1. mhinc's Avatar
    Okay, I am coming from a Galaxy S3 where I could hold the home button and get this screen;



    On the Nexus 4. I can tap the bottom right button, and swipe away the open apps, but I;
    A) Can't figure out how to trash them all at once
    B) Can't figure out how to get into the Ram Manager, Active Apps, Downloaded Apps etc. Like in this screen;



    Is there even such a menu or a way to do this on the Nexus 4? Built in like the Galaxu S3, so I don't have to download a 3rd party app. Like Task Killer.

    Thanks!
    02-21-2013 05:12 AM
  2. mhinc's Avatar
    Almost 150 views and no one know?
    02-21-2013 08:33 AM
  3. benjdm's Avatar
    I think the OS is good enough at managing the RAM that I have no interest in clearing memory...I'm guessing the S3 screen is part of Samsung's version of Android. You can see RAM usage in Settings>Apps if you swipe once to the right to look at Running Apps.
    02-21-2013 09:00 AM
  4. wunderbar's Avatar
    You don't need to manage ram on android now. The OS manages it itself. It may look full but every modern operating system, desktop and mobile, wants to fill up all the ram it can with the apps you use the most. IF you start something else it frees up space that isn't being used for the new app. Forcing apps to close now could actually decrease battery life and performance with modern android.

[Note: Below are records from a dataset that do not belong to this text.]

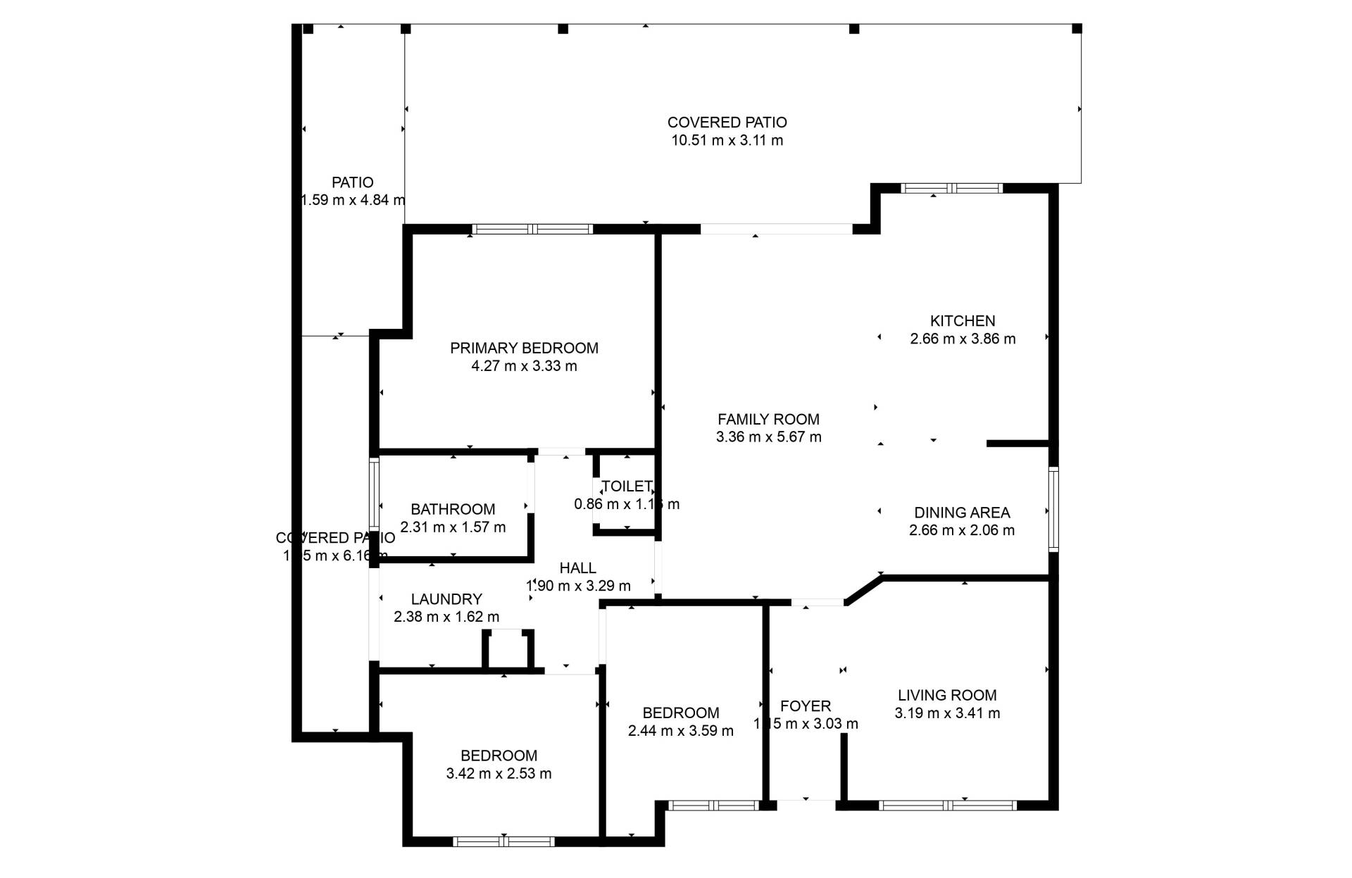 * Three Bedrooms: Generously sized for comfort and functionality.
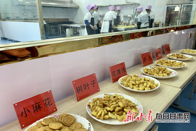 布楞沟村当地妇女在扶贫车间制作的特色小吃。
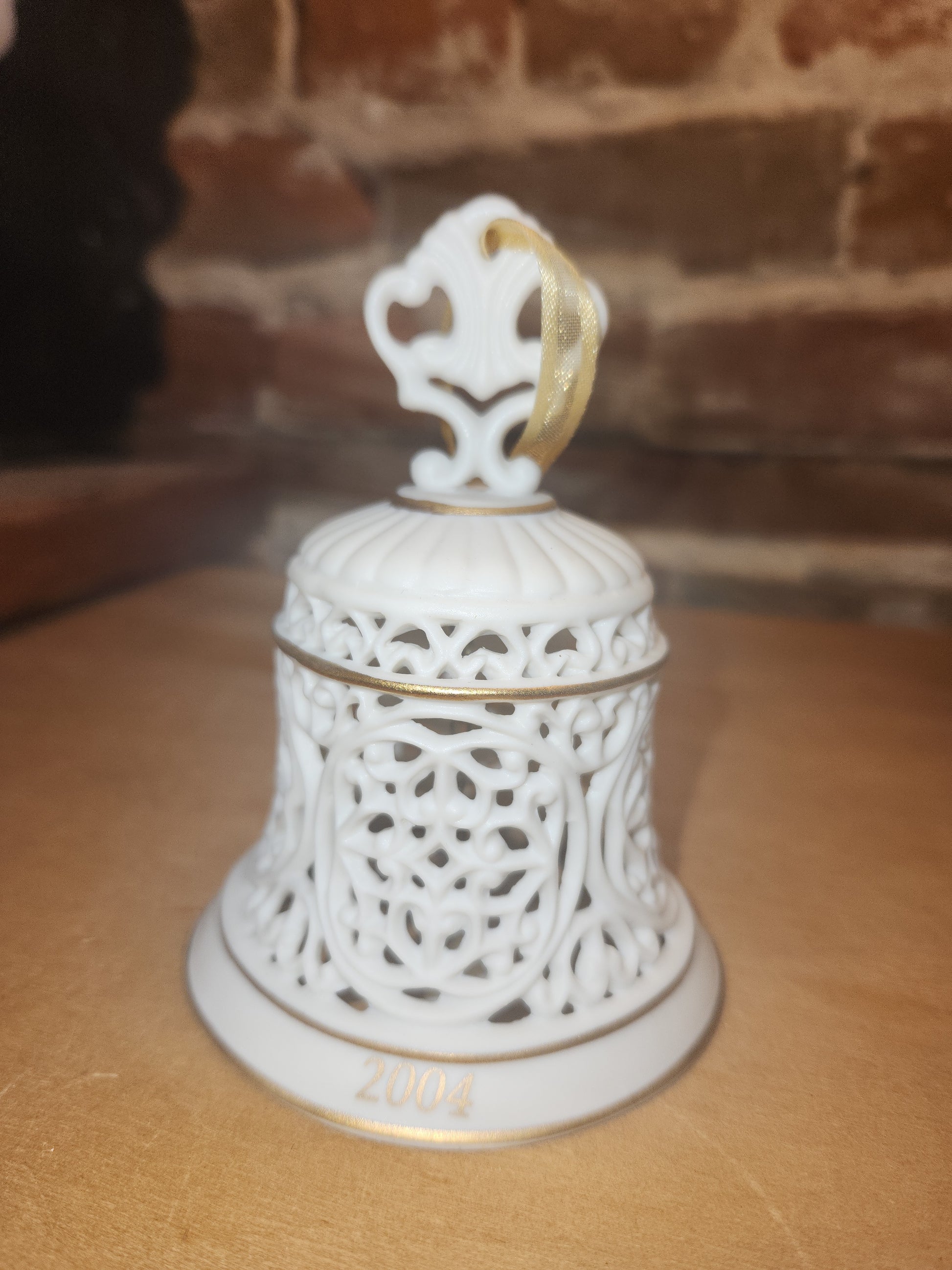 Vintage Wedgwood Christmas Ornament Bell Filigree Gold Trim
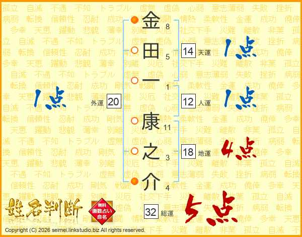 金(8画)田(5画)一(1画) 康(11画)之(3画)介(4画)
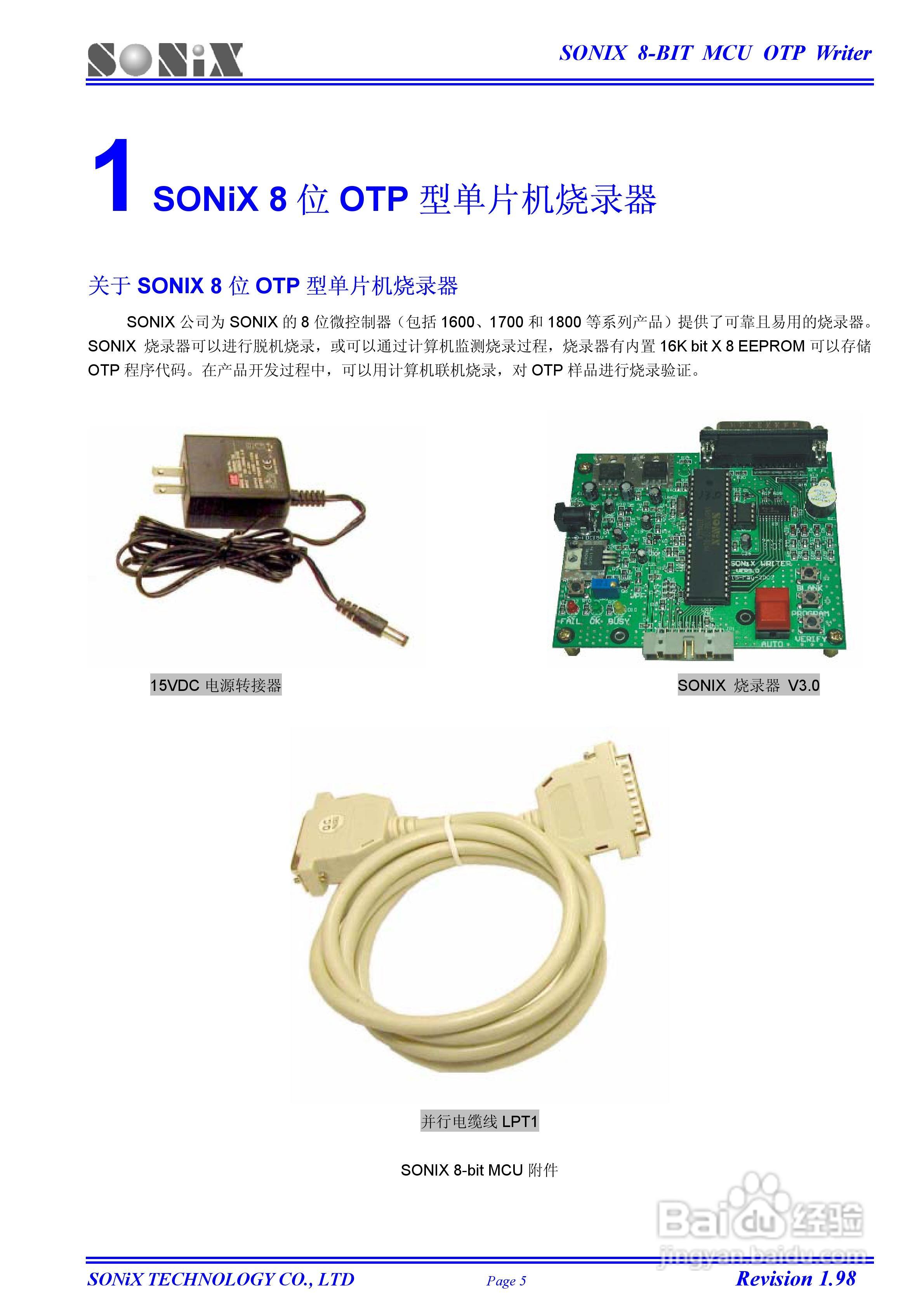 本篇为《SONIX 8位OTP型单片机烧录器操作说明书》,主要介绍该产品的使用方法以及常见故障解决方案。

    The task manager/ram view in TouchWiz is a leftover bit from the first versions of touchwiz on the first Galaxy S when Ram management mattered a little more.
    bobsacomano likes this.
    02-21-2013 09:56 AM
  5. still1's Avatar
    A) Can't figure out how to trash them all at once
    B) Can't figure out how to get into the Ram Manager, Active Apps, Downloaded Apps etc. Like in this screen;
    Almost 150 views and no one know?
    Unused RAM is wasted RAM. clearing RAM will decrease performance and increase battery usage.
    Android take care of the memory very effectively now

    A) its not there in stock Android, the one on S3 was build by samsung.
    i use to use task manager on my old nexus S on android 2.3 but with Nexus 4 i dont use that app at all.

    B) settings-->Apps
    02-21-2013 10:06 AM
  6. mhinc's Avatar
    You don't need to manage ram on android now. The OS manages it itself. It may look full but every modern operating system, desktop and mobile, wants to fill up all the ram it can with the apps you use the most. IF you start something else it frees up space that isn't being used for the new app. Forcing apps to close now could actually decrease battery life and performance with modern android.

    The task manager/ram view in TouchWiz is a leftover bit from the first versions of touchwiz on the first Galaxy S when Ram management mattered a little more.
    Thanks for the info and explanation! Appreciate it!
    02-21-2013 10:06 AM
  7. minnemike's Avatar
    Use an app called Fast Reboot. Good one.
    02-21-2013 11:16 AM
  8. Rooshan Siddiqui's Avatar
    You don't need to manage ram on android now. The OS manages it itself. It may look full but every modern operating system, desktop and mobile, wants to fill up all the ram it can with the apps you use the most. IF you start something else it frees up space that isn't being used for the new app. Forcing apps to close now could actually decrease battery life and performance with modern android.

    The task manager/ram view in TouchWiz is a leftover bit from the first versions of touchwiz on the first Galaxy S when Ram management mattered a little more.
    How do you kill all the unused apps at once , not the ones which can be seen by the Right button at the button but use up the ram. The battery is being used up by these apps which run in the background
    09-14-2013 09:52 AM
  9. Sicily1918's Avatar
    How do you kill all the unused apps at once , not the ones which can be seen by the Right button at the button but use up the ram. The battery is being used up by these apps which run in the background
    Wile they do take up RAM, they shouldn't be using battery at all -- they're daemons (and other background processes) that sit there and do nothing until called up by the master program and/or kernel. The only time they use up battery is when they're first loaded (upon boot or if they've been killed), other than that, chatty ones might use up maybe 5 seconds of CPU time per day... I'm seeing after 62 hours of uptime that I have hundreds of tasks with 00:00 time used up.

    If you kill these tasks, be aware that the master program will either not work right, or, much more likely, will re-launch the daemon as soon as it needs it or notices that it's not there (sometimes within seconds of your killing it).

    Linux (well, Unix, but whatever) is actually very good at managing this stuff -- it was actually designed to behave this way. One thing that's harder to see in Android (Unix/Linux, just use top) is to boot up clean and watch as the kernel eats up all free memory over the course of a week... free memory actually takes the kernel longer to assign to programs, since it has to figure out what goes where (paging, mem addressing and all sorts of low-level crap) first, before actually giving it out.